Continue going up and soon it eases a bit, and this means you’re getting near the ridge. Soon, all this trouble getting to the top of Sarrail Ridge is worth it when you come to the col and see the stunning views all around.
While some people stop at this col, go right and hike up on a clear path for another few minutes and hike up higher on Sarrail Ridge. From this higher view point you get incredible views of Upper and Lower Kananaskis Lakes. You also have a great view of Mount Indefatigable across the Upper Kananaskis Lake.
Meander along the top of Sarrail Ridge, trying to find the best viewpoint, however it is a challenging scramble to get to the peak roughly east of the ridge. Sarrail Ridge has a dangerous drop on the other side, so stay well clear of the edge.
To come down, follow the route you came up on. Be prepared that you may end up scooching down on your bum in some places, and poles really help. Watch for where the path splits and take whichever route you prefer. Eventually you get back at Rawson Lake, and from here the path is wonderful all the way back to your car.
Would you like to do a similar level hike?

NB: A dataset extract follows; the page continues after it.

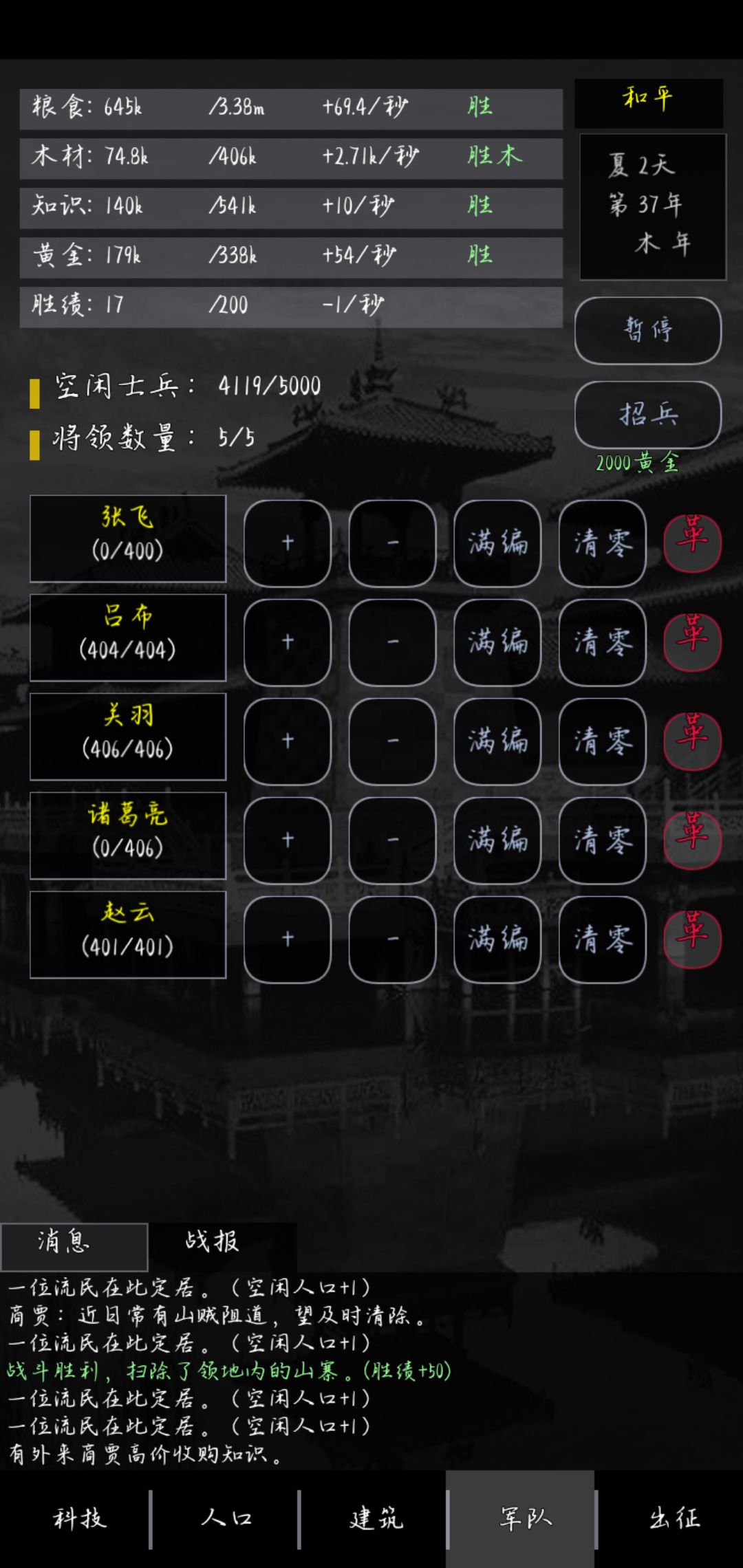 今天刚开始玩,前一小时看攻略找技巧,之后稳稳发展到10年,出三个紫将,之后酒馆升到5,出个金,15年之后大力发展军事就能平步青云,畅通无阻,稳稳通关

Check out the Pocaterra Ridge.
This trail is not recommended if it is wet or icy.
We couldn’t imagine doing this hike without poles.
Get here early, as the hike to Rawson Lake is very popular, and the parking lot fills up early
This is prime bear country, so hike in groups and take bear-spray.
You can snowshoe to Rawson Lake in winter, however the route around Rawson Lake and up to Sarrail Ridge is very dangerous due to Avalanche and should not be attempted. Rawson Lake often doesn’t freeze, and people have fallen through in recent years.